For conducting its business activities, a company exploits various resources of the society and the environment. Corporate Social Responsibility (CSR) is an act of incorporating the social and environmental concerns into the business model of the company.

CSR is not a voluntary act on part of the company as it has been mandated by provisions of The Companies Act, 2013. According to Section 135 of the Act, every Company meeting the requisite criteria has to mandatorily set up a CSR Committee, formulate a CSR policy, and spend in every financial year at least 2% of the average net profits of the company made during the three immediately preceding financial years toward its CSR activities:

(i) Company having net worth of Rs. 500 Cr or more, or

(ii) Company having turnover of Rs. 1000 Cr or more, or

(iii) Company having net profit of Rs. 5 Cr or more during the immediately preceding financial year

The provisions of CSR would not be applicable on a company where neither of the three criteria- the net worth nor turnover nor the net profit is being met by the company are being fulfilled. The same was held in the matter of Bilfinger Neo Structo Private Limited[1].

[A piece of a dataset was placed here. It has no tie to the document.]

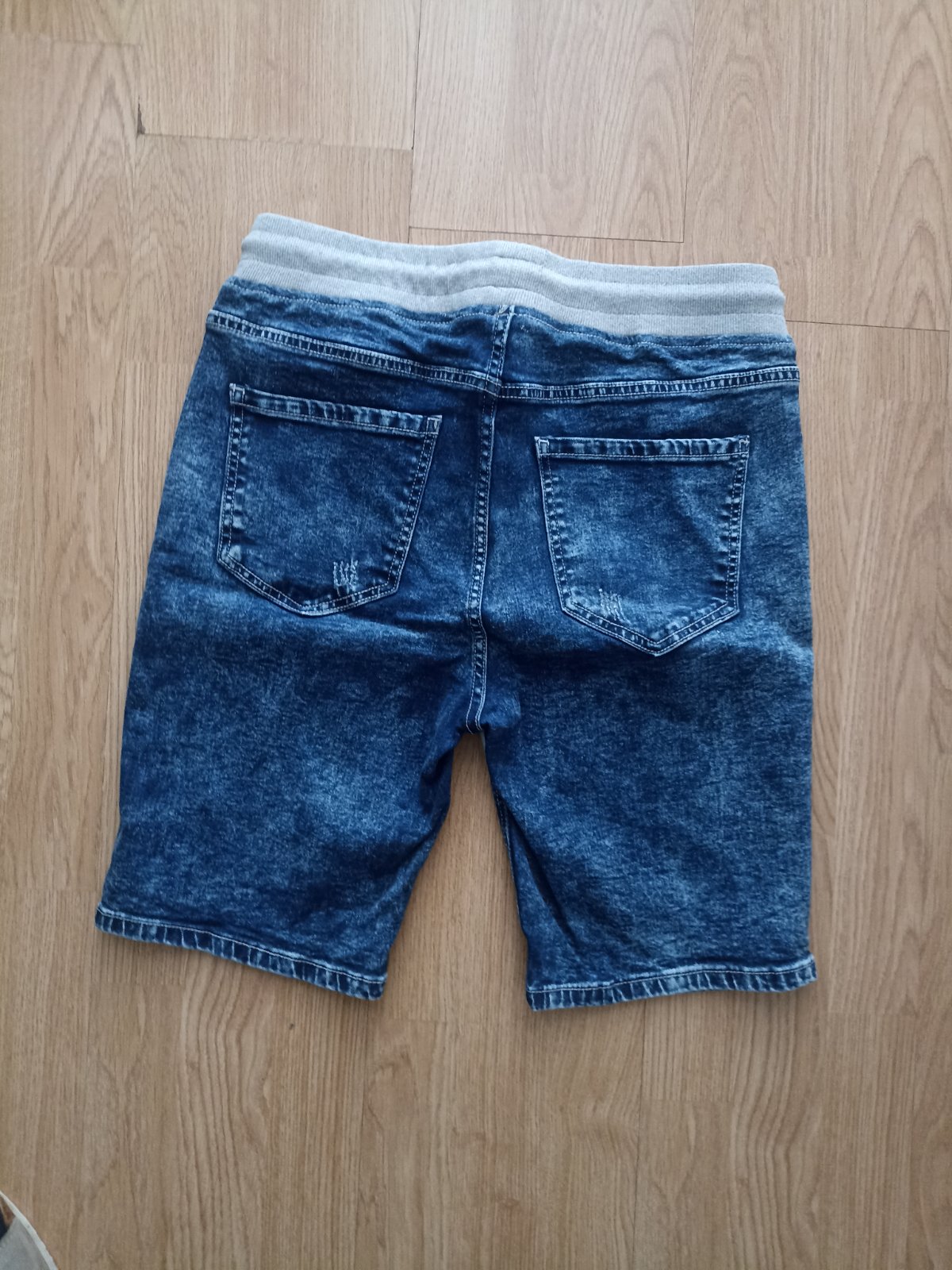 Riflové kraťasy, v páse je šnúrka, tak dajú sa stiahnuť, nepoškodené, vo veľmi dobrom stave, na výšku 170 CM.
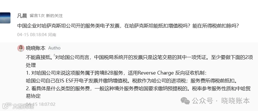 中国税务局开具的电子发票,本身不能直接作为哈萨克斯坦的增值税抵扣凭证。 -

Corporate Social Responsibility - 3d render concept of blue arrow pointing to text

Composition of the CSR Committee

  • The Committee shall consist of three or more directors, out of which at least one director shall be an independent director
  • Provided that where a public company is not required to appoint an independent director under sub-section (4) of section 149, it shall have in its CSR Committee two or more directors
  • The composition of the CSR Committee has to be disclosed in the Board’s report under section 134(3)

Role of the CSR Committee

  • Formulate and recommend to the Board, a CSR Policy which shall indicate the activities to be undertaken by the company in areas or subject, specified in Schedule VII of the Act
  • Recommend the amount of expenditure to be incurred on the CSR activities
  • Monitor the CSR Policy of the company from time to time.

CSR Policy

The CSR Committee has to formulate and recommend a CSR Policy for the company which shall indicate the activities to be undertaken by the company in areas or subject, specified in Schedule VII of the Act.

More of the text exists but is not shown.